Anthropic Skills Can Be Programmatically Optimized (Using DSPy)

Context

OpenAI added Skills to Codex this week. Anthropic released the Agent Skills spec a few days ago.

The format: reusable prompt files (SKILL.md) that agents can invoke:

code-review.md      # Find security vulnerabilities
sql-optimization.md # Optimize queries
api-design.md       # Review endpoints

These are 100-200 line markdown files with instructions, examples, and output formats.

Now Skills can be as direct as "Replace a text in PDF" which probably doesn't need any optimization at all. On the other hand it can be broad "Find security issues in the code" which we can optimized to no end.

Skills are structured prompts. DSPy is a framework for optimizing prompts. Nobody's connected these two ecosystems yet.

So the main idea is, if Skills are just structured prompts, they should be programmatically optimizable. You could benchmark them, version them, auto-generate model-specific variants.

I tested this hypothesis with a code security review skill.

---

Method

DSPy is a prompt optimization framework from Stanford. Instead of manually tweaking prompts, you:

1. Define task as a signature (inputs/outputs)
2. Provide training examples
3. Run optimizer
4. Get improved prompt with auto-selected few-shot examples

The optimizer tests different instruction phrasings, example combinations, and reasoning strategies, then picks the best performing variant.

The Pipeline

To test if Skills can be optimized with DSPy:

1. Parse SKILL.md → DSPy Signature
2. Create training data (vulnerable code + expected issues)
3. Run DSPy optimization
4. Extract improvements → SKILL-optimized.md

What this proves: If DSPy can improve a Skill's output quality, then Skills aren't just static markdown files - they're improvable programs.
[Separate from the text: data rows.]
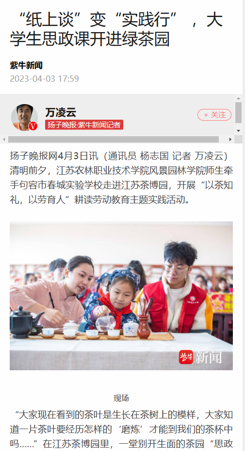 上一条:【江苏教育发布】微信报道风景园林学院“以茶知礼,以劳育人”耕读劳动教育主题实践活动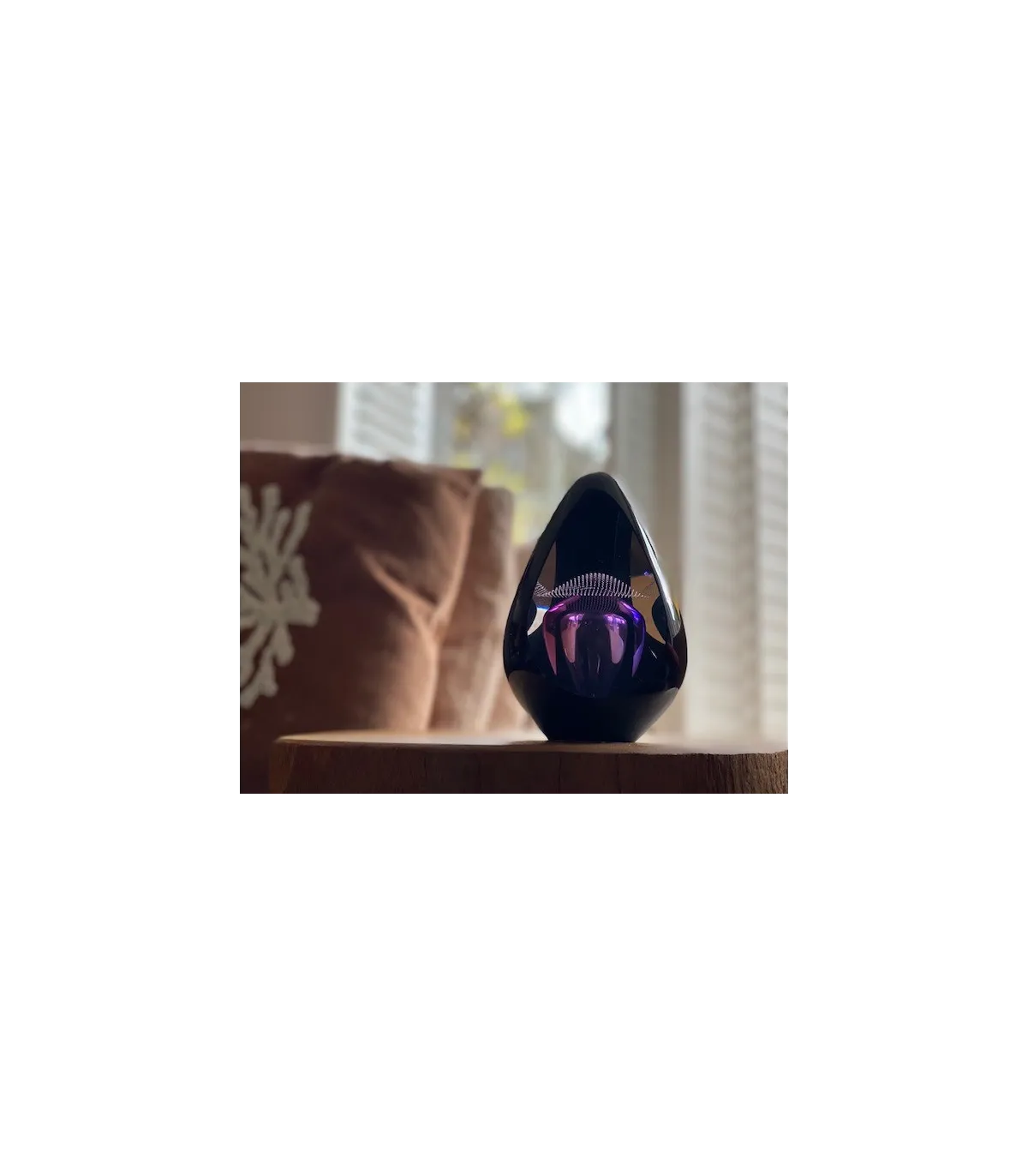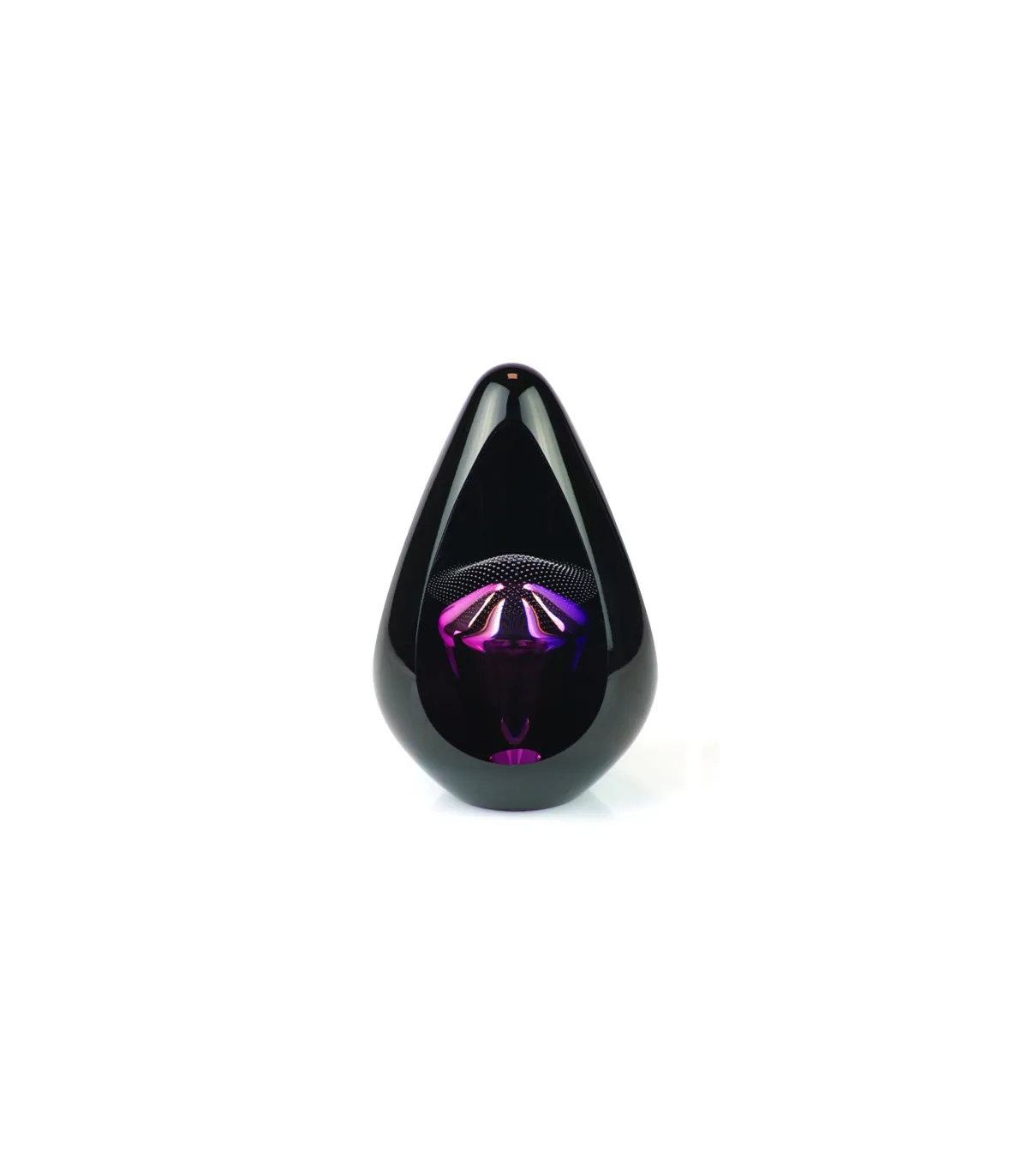 Deze mooie kristalglazen urn heeft een krachtige paarse kern met een sluier van sprankelende minuscule bubbeltjes. De buitenzijde van de urn heeft een zwart glanzende afwerking. In de kern bevindt zich een holle ruimte waar een gedeelte van het as in bewaard kan worden. Dit as-reservoir wordt door middel van een zelf-hechtende sluitplaat afgesloten.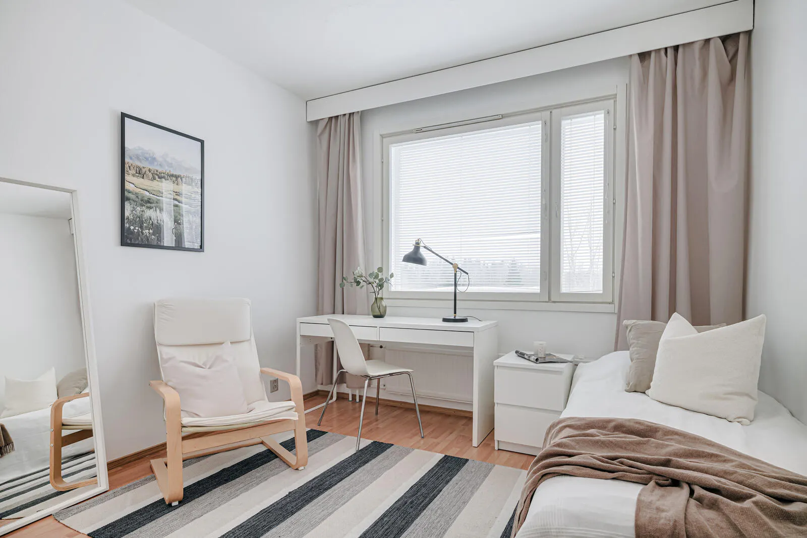 *** Large, fully furnished private room suitable for students & young professionals *** *** All-inclusive rate: water, electricity, internet *** *** Safe locality, 20min from city centre by train *** *** We are a registered Finnish company with a superior customer service *** ROOM This cozy fully furnished room is 11sqm, and it has everything you need for a comfortable daily life: bright and open with modern Nordic-style furniture. The furniture includes a bed, night table, desk space, chairs, lamps, wardrobes, window blinds, and bedlinen – you will have less to worry, and you can focus on getting the most out of your stay! APARTMENT & BUILDING This spacious apartment has a large, fully-equipped kitchen to ensure you will be able to prepare your favourite daily meals. The kitchen has dedicated storage space for tenants. The apartment has 2 toilets and a bathroom. The fixtures include: • cooker/oven • microwave oven • fridge/freezer • dishwasher • washing machine • iron/board • coffee machine & electric kettle • kitchen utensils • vacuum cleaner • Fast-speed WIFI, and TV This low-rise building has an elevator, and a sauna that you may use free of charge once a week. Extra luggage and belongings may be stored in the apartment’s dedicated storage space. Bicycles, and outdoor activity equipment have their own dedicated storage space. LOCATION & DISTANCES This is a safe Helsinki locality. Total travel time from the apartment to Helsinki City is 20mins by train. Airport is 30mins by train. Campuses such as Haaga-Helia University of Applied Sciences and Helsinki Business College are few train stops away. Given the location on Ring-I road, the area has great accessibility and public transportation options. The area offers parks and an open air gym for outdoor activists, but provides also wide range of daily services from grocery shops, to restaurants and coffee shops. Rental bikes can be rented nearby to explore the vast parks of Helsinki. There is public library offering workspaces, and quiet areas free of charge. The area has its own large shopping complex Kaari, which has a large 24/7 department store, restaurants and approximately 80 specialty shops. It is the 5th largest shopping centre in greater Helsinki area and 9th largest in Finland. • 3min Grocery Shop, ATM, library, train station • 20min Helsinki Central Train Station & City Centre • 10min Kaari Shopping Centre POLICIES & DOCUMENTS REQUIRED • Passport / official ID of the tenant • Rent payment: 2nd of each month • Payment method: bank transfer MOVE-IN • Keys will be delivered to our key service partner near the apartment following the completion of payments • You will be able to pick-up the keys at a time most convenient to you typically from 08:00 – 22:00, Monday to Sunday • You will need to prove your identity at the pick-up LANDLORD We are a registered Finnish company founded in 2005, specializing in fully furnished stylish private rooms in central locations with all-inclusive rates. We are the top advertiser in Finland with over 350 successful bookings through Housing Anywhere. We manage only our own properties. We are driven by passion to offer tenants around the world a simple moving process, superior customer service and an enjoyable stay. We have the honor to host +150 tenants annually in our apartments that are on average less than 15mins from Helsinki city center. Our team is dedicated of making your move-in as effortless and stress free as possible. Regardless of the tenure of your stay, we have the perfect option for you. We welcome you to join our community of international residents, and allow us to offer you a place to stay. We are looking forward hearing from you. *** Please be aware that HousingAnywhere is an online booking service, and the policy does not allow exchanging of contact information or apartment viewings. If you would wish to book an apartment through us, kindly send us a message or booking request, and we will address all your enquiries. **...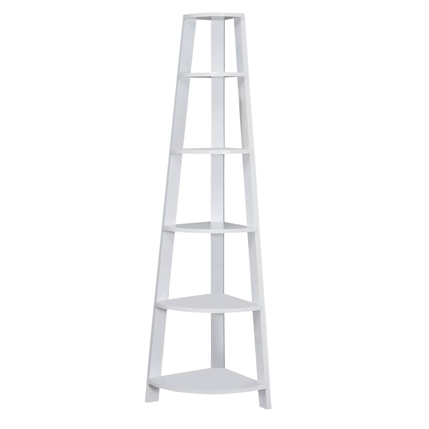 Roomfitters Set of 2 Triangle Bookshelves, 75.25'' Tall 5-Tier Display Bookcase for Hallways, Office and Living Room, White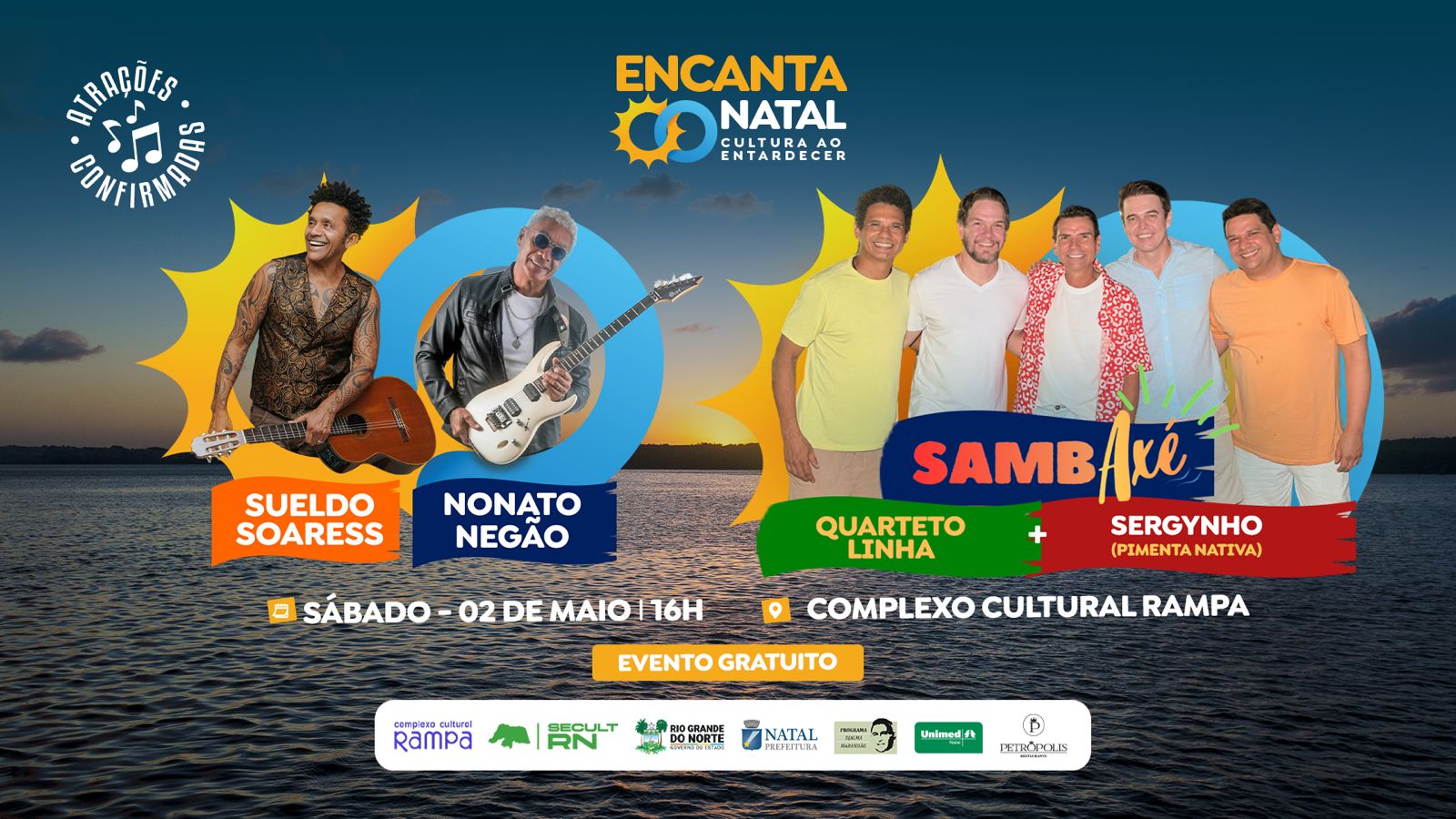 A Unimed Natal, reconhecida como a empresa que mais apoia a cultura no Rio Grande do Norte, é uma das incentivadoras do projeto Encanta Natal – Cultura ao Entardecer, que ganha nova edição no próximo sábado (2), no Complexo Cultural Rampa. A proposta une música, paisagem e convivência em um dos cenários mais simbólicos da cidade, com o pôr do sol dando lugar a uma noite marcada pelo samba e Axé Music.
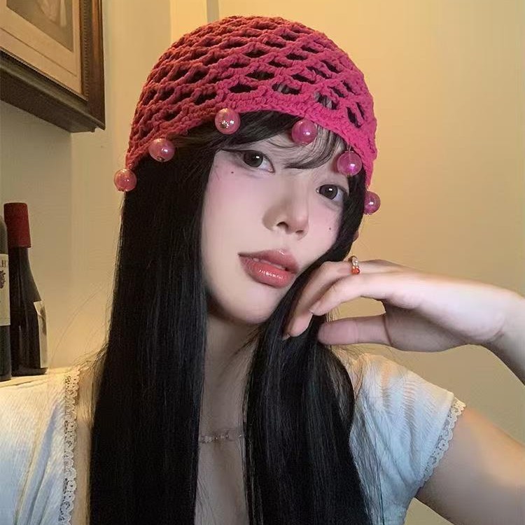 椿の女手織り中空ビーズつば帽子女性のための 2024 春と夏の新しいボヘミアンスタイルニット帽子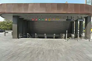 In June 2009, the MTA sold the naming rights of the station complex to Barclays, who had also bought the naming rights to the under-construction Barclays Center sports arena, for 20 years at $200,000 per year.[149][150] It was one of the few such renames in the system; following this renaming, the MTA considered selling the naming rights of other subway stations.[151][lower-alpha 1] A new entrance through the station, the Atlantic Terminal Pavilion, opened in 2010.[152] As part of a pilot program, digital announcement boards, train countdown clocks, and improved intercom systems were installed in the station the same year.[153] In advance of Barclays Center's opening, the station was renamed Atlantic Avenue–Barclays Center in May 2012.[154][155] A new entrance serving the arena, which includes stairs, escalators, and an elevator, opened in September 2012 at a cost of $76 million.[156][157] The new entrance, originally budgeted at $29 million, required digging a hole measuring 35 feet (11 m) deep and 100 by 125 feet (30 by 38 m) wide.[157]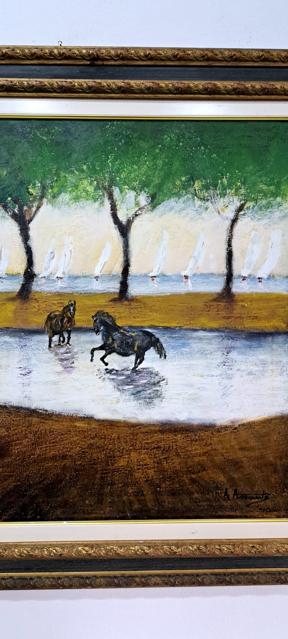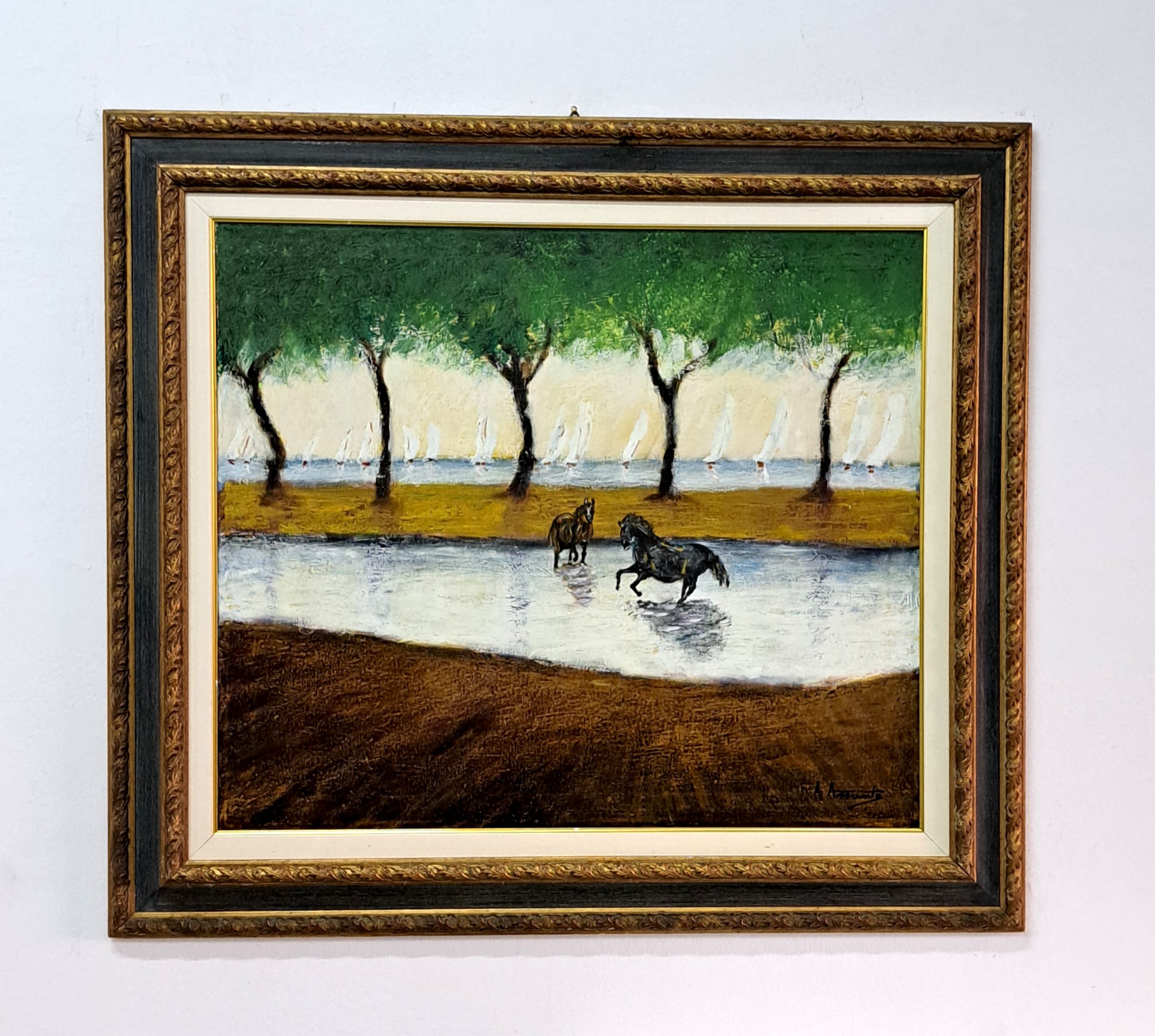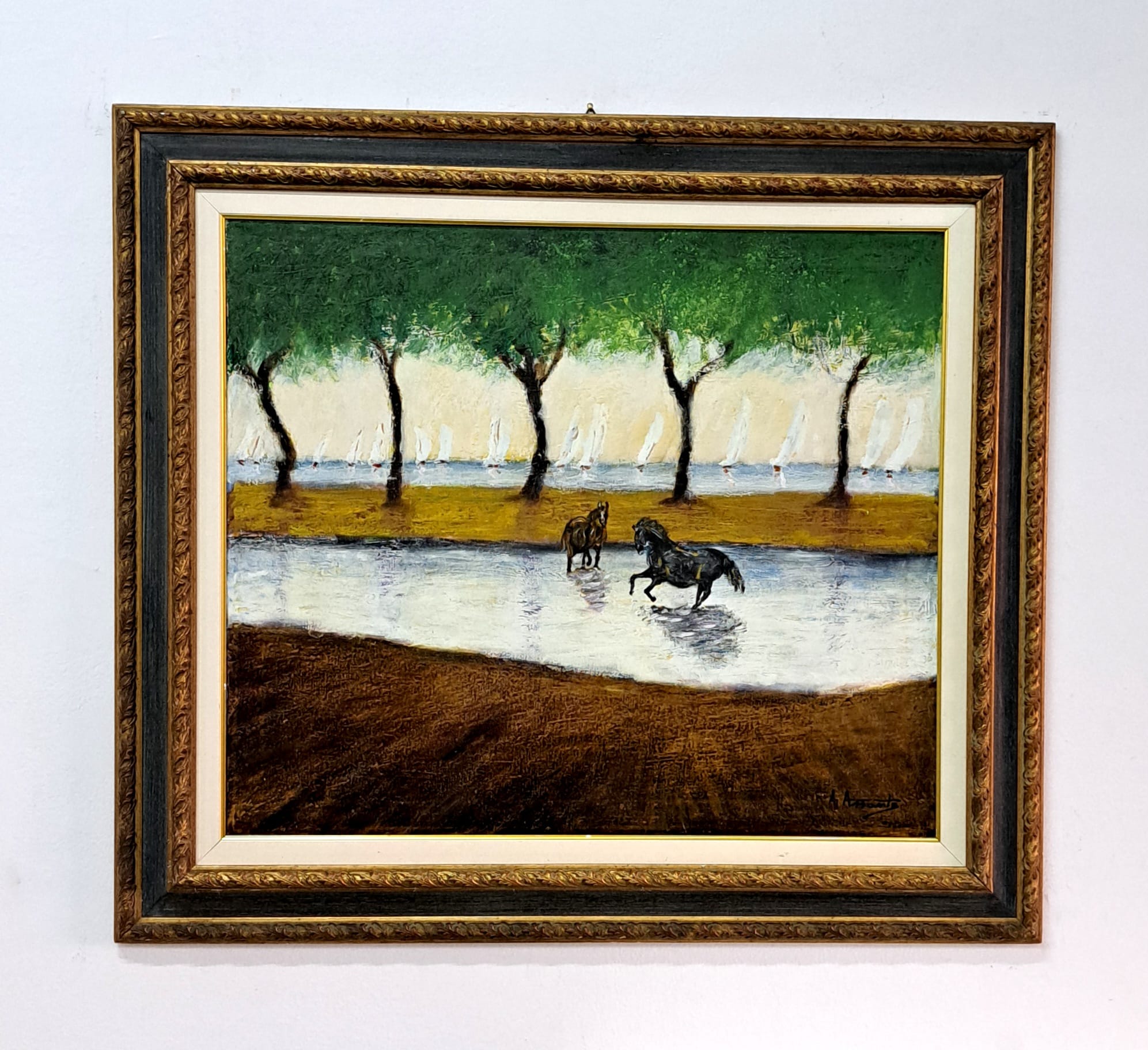 L’opera è un olio su tela che mostra la maestria di Arturo Assente nella rappresentazione di paesaggi. Le pennellate sono visibili e deliberate, creando una texture ricca e una profondità che cattura l’osservatore. I cavalli, immersi in un corso d’acqua, sono resi con dettagli accurati, mentre gli alberi e le barche a vela sullo sfondo aggiungono un senso di tranquillità e movimento alla scena.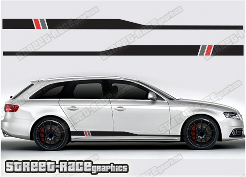 Audi A4 side racing stripe graphics, to suit all Audi A4 cars. Available in a range of different colour combinations.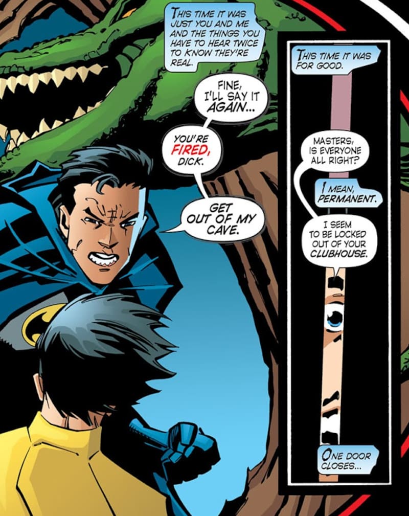 Al mismo tiempo, si bien en la continuidad antigua hubo un distanciamiento entre Batman y Robin debido a los compromisos con los Teen Titans, el reinicio posteriormente terminó gestando la idea de que Dick fue despedido por Bruce luego de que el Joker le dispara en los sucesos del cómic Batman #408. En ese sentido, y a partir de una historia de “Año Uno” publicada en Nightwing #101 durante la década de los noventas, se creó el retcon para que el joven héroe decidiese seguir sus aventuras con su nueva identidad.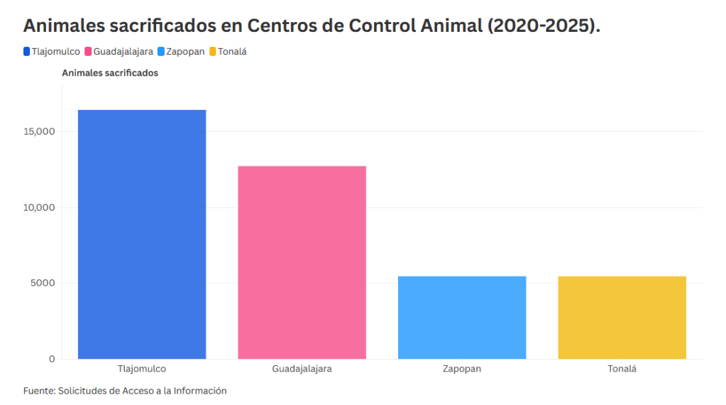 La violencia contra animales no es un hecho aislado. En el Área Metropolitana de Guadalajara (AMG), de enero a octubre de 2025, de acuerdo a diversas solicitudes de transparencia, fueron sacrificados 5 mil 470 perros y gatos. En promedio, 18 animales fueron privados de la vida cada día durante estos meses.

I tested with a code security review skill that finds SQL injection, weak crypto, etc.

---

Setup

Input: code-review.md - 80-line skill that finds security vulnerabilities

Training data: 10 vulnerable code samples:

• SQL injection (Python, JavaScript)
• Weak crypto (MD5, hardcoded secrets)
• Command injection
• XSS, path traversal, IDOR, etc.

DSPy Signature:

class CodeReview(dspy.Signature):
    """Find security vulnerabilities and bugs in code."""
    code = dspy.InputField()
    language = dspy.InputField()
    critical_issues = dspy.OutputField()
    high_issues = dspy.OutputField()

Optimization:

optimizer = dspy.BootstrapFewShot(metric=quality_metric)
optimized = optimizer.compile(baseline, trainset=examples)

Models tested: GPT-4o (Azure), Qwen3 (Ollama)

Code/data

---

Results

Bottom line: Yes, Skills can be programmatically optimized.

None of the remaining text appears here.